Tuesday, November 1, 2011

To Sleep, Perchance to Dream -





















Shakespeare's Hamlet anguished about sleeping and dreaming. Obviously he had devils to deal with but chemotherapy could not have been one of them.

Fatigue and exhaustion are well recognized side effects of chemotherapy. The easiest way to describe my chemo-induced exhaustion is to note that after a three-day round of chemotherapy, I sleep 15-18 hours a day for the next seven days. Yesterday, after having gone to bed at 10 PM, I awoke at 10 AM and went downstairs to make myself a strong mug of coffee. I took it into the living room to enjoy and woke up three hours later in the same chair, the mug half full in my hand. An hour later I took a two-hour nap.

It's no use fighting it; a body needs what a body needs. Perhaps more importantly, a soul needs what a soul needs.

Dreams are a currency of the soul. I facilitate dream groups, where those interested in their dreams come together weekly during fall or late winter (on hold, of course, until fall 2012) to share dreams in order to find the soul-directed meaning for their waking lives. Thus, for someone like me who so deeply values dreams, these lengthy, luxurious periods in which to dream are gifts indeed.

In some long dream sequences I am working things out. I no longer regard what are still daily episodes of weeping as pity parties but rather as times of grief about something I am letting go of. I have found that if I don’t shed the tears, the grief remains. If I let my tears fall, then I move through whatever it is, and rather quickly at that. I have stopped trying to figure out what it is I am leaving behind. Working alone in this level of the unconscious is a journey of trust in my guardians and spirit guides.

In other dreams, those internal spaces I have wept clean are filled with something new.
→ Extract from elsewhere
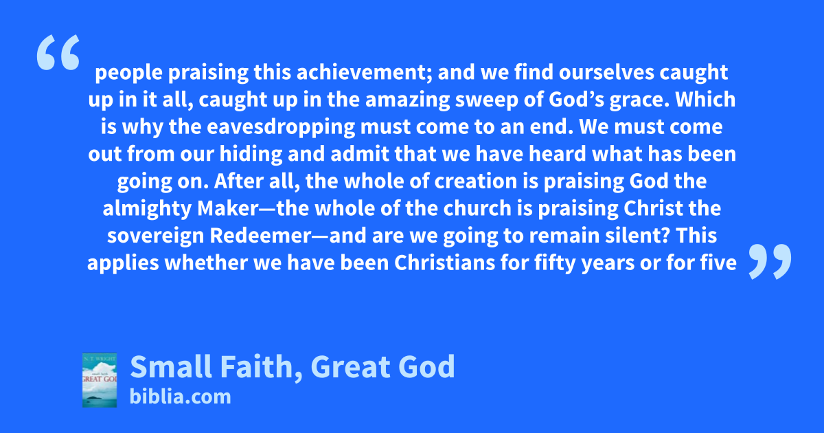 people praising this achievement; and we find ourselves caught up in it all, caught up in the amazing sweep of God’s grace. Which is why the eavesdropping must come to an end. We must come out from our hiding and admit that we have heard what has been going on. After all, the whole of creation is praising God the almighty Maker—the whole of the church is praising Christ the sovereign Redeemer—and are we going to remain silent? This applies whether we have been Christians for fifty years or for five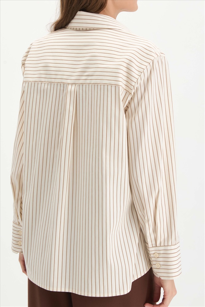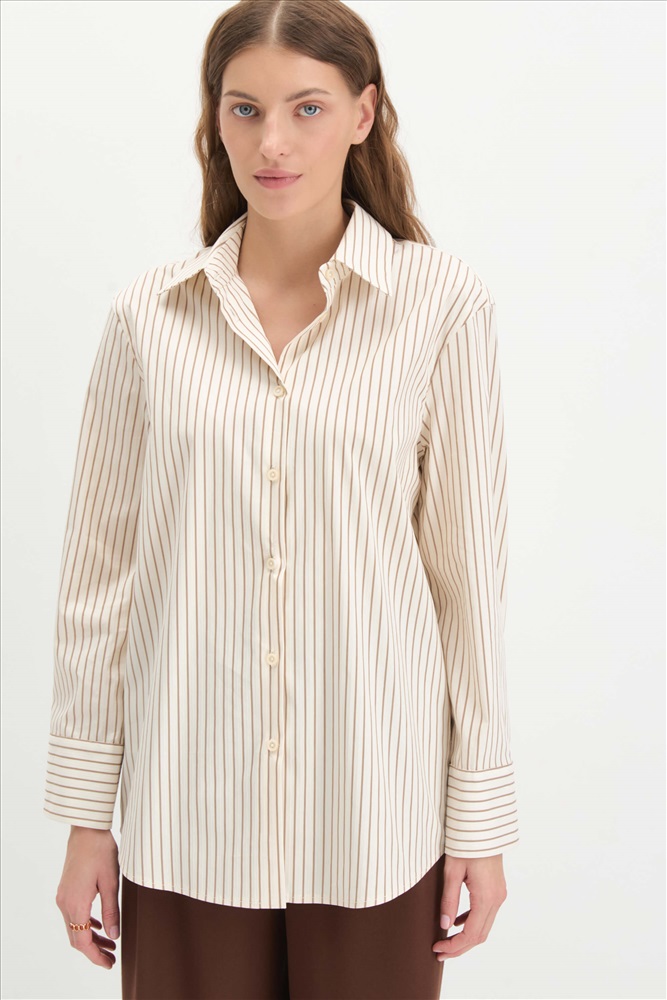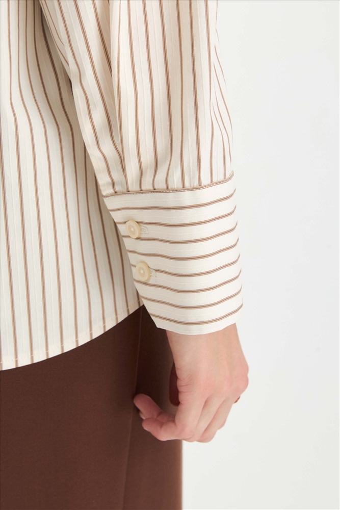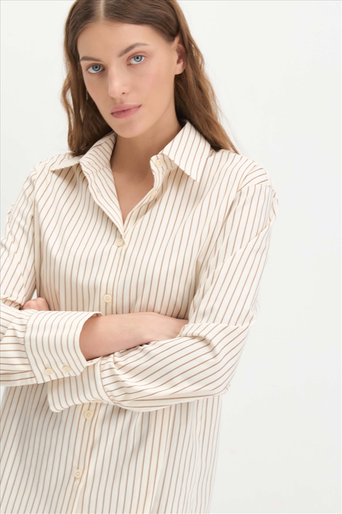 Состав: 95% хлопок 5% эластан Длина: 72 см. Цветовая гамма: Молочный/полоса Силуэт: Свободный Принт: Да Коллекция: Весна #1 Рубашка из хлопкового полотна в полоску. Модель свободного силуэта. Рубашечный воротник. Рукав прямой слегка спущенный, на широком манжете. Комментарии к товару

Again, I keep my mind out of it and just receive. Sometimes, I am graced with the presence of white-lighted beings. How can I keep from singing (as the hymn inquires)?

End note: My ayurvedic friend and gardener is a vivid dreamer and avid participant in my dream groups. She dreamt a dream for me early on after my diagnosis: She and a number of women were in her van and I was to drive behind them in my white car. But my car wouldn’t work. So the women got out of the van and raised the hood and tinkered under it to fix things and then my car worked. How can I keep from getting well?